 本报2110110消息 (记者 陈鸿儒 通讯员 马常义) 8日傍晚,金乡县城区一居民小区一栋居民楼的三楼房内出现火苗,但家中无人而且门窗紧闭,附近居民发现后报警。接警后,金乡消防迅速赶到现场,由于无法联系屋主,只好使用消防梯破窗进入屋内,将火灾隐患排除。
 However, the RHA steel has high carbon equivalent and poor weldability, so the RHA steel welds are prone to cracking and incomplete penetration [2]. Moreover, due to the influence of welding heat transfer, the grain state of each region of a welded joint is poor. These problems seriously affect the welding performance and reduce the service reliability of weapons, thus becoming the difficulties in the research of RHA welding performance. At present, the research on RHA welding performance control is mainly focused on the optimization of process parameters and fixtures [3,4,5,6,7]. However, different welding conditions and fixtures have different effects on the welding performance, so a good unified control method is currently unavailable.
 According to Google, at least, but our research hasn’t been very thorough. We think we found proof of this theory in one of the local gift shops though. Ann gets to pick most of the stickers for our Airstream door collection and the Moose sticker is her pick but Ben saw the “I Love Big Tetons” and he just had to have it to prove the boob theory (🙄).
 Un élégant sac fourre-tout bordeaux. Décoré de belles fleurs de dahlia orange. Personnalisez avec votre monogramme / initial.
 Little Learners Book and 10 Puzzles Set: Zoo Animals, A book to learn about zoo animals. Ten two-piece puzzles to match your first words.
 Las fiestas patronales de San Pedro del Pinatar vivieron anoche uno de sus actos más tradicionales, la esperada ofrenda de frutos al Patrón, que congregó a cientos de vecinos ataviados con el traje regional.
...
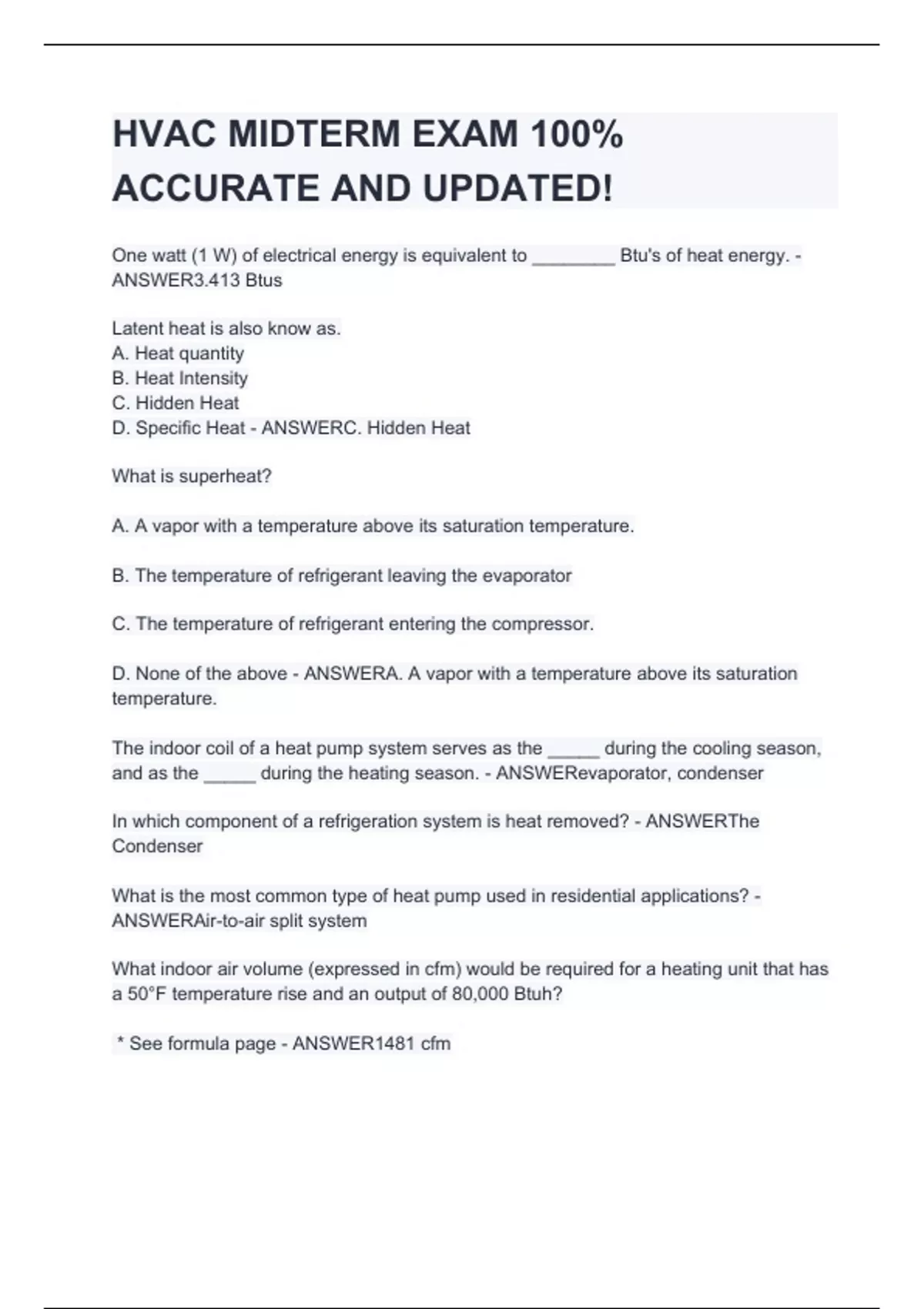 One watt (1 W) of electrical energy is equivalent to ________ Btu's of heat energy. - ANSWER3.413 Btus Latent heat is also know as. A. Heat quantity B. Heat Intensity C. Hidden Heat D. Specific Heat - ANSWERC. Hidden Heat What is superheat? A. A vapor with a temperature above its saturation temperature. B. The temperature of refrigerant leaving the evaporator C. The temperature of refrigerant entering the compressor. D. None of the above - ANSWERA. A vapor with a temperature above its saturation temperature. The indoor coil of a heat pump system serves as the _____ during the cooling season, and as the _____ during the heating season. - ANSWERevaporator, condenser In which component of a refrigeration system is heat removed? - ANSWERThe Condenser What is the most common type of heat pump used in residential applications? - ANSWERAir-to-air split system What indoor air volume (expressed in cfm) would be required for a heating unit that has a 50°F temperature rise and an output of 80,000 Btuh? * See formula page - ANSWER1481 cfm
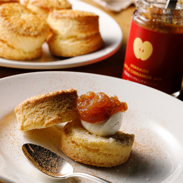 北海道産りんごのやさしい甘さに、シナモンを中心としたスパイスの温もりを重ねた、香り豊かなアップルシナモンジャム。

Action item:
Go through the listing above and write out exactly the lines starting with the one holding "本报2110110消息 (记者 陈鸿儒" and running through the one holding "Las fiestas patronales", ends included, and no others.

Result for this exercise:
 本报2110110消息 (记者 陈鸿儒 通讯员 马常义) 8日傍晚,金乡县城区一居民小区一栋居民楼的三楼房内出现火苗,但家中无人而且门窗紧闭,附近居民发现后报警。接警后,金乡消防迅速赶到现场,由于无法联系屋主,只好使用消防梯破窗进入屋内,将火灾隐患排除。
 However, the RHA steel has high carbon equivalent and poor weldability, so the RHA steel welds are prone to cracking and incomplete penetration [2]. Moreover, due to the influence of welding heat transfer, the grain state of each region of a welded joint is poor. These problems seriously affect the welding performance and reduce the service reliability of weapons, thus becoming the difficulties in the research of RHA welding performance. At present, the research on RHA welding performance control is mainly focused on the optimization of process parameters and fixtures [3,4,5,6,7]. However, different welding conditions and fixtures have different effects on the welding performance, so a good unified control method is currently unavailable.
 According to Google, at least, but our research hasn’t been very thorough. We think we found proof of this theory in one of the local gift shops though. Ann gets to pick most of the stickers for our Airstream door collection and the Moose sticker is her pick but Ben saw the “I Love Big Tetons” and he just had to have it to prove the boob theory (🙄).
 Un élégant sac fourre-tout bordeaux. Décoré de belles fleurs de dahlia orange. Personnalisez avec votre monogramme / initial.
 Little Learners Book and 10 Puzzles Set: Zoo Animals, A book to learn about zoo animals. Ten two-piece puzzles to match your first words.
 Las fiestas patronales de San Pedro del Pinatar vivieron anoche uno de sus actos más tradicionales, la esperada ofrenda de frutos al Patrón, que congregó a cientos de vecinos ataviados con el traje regional.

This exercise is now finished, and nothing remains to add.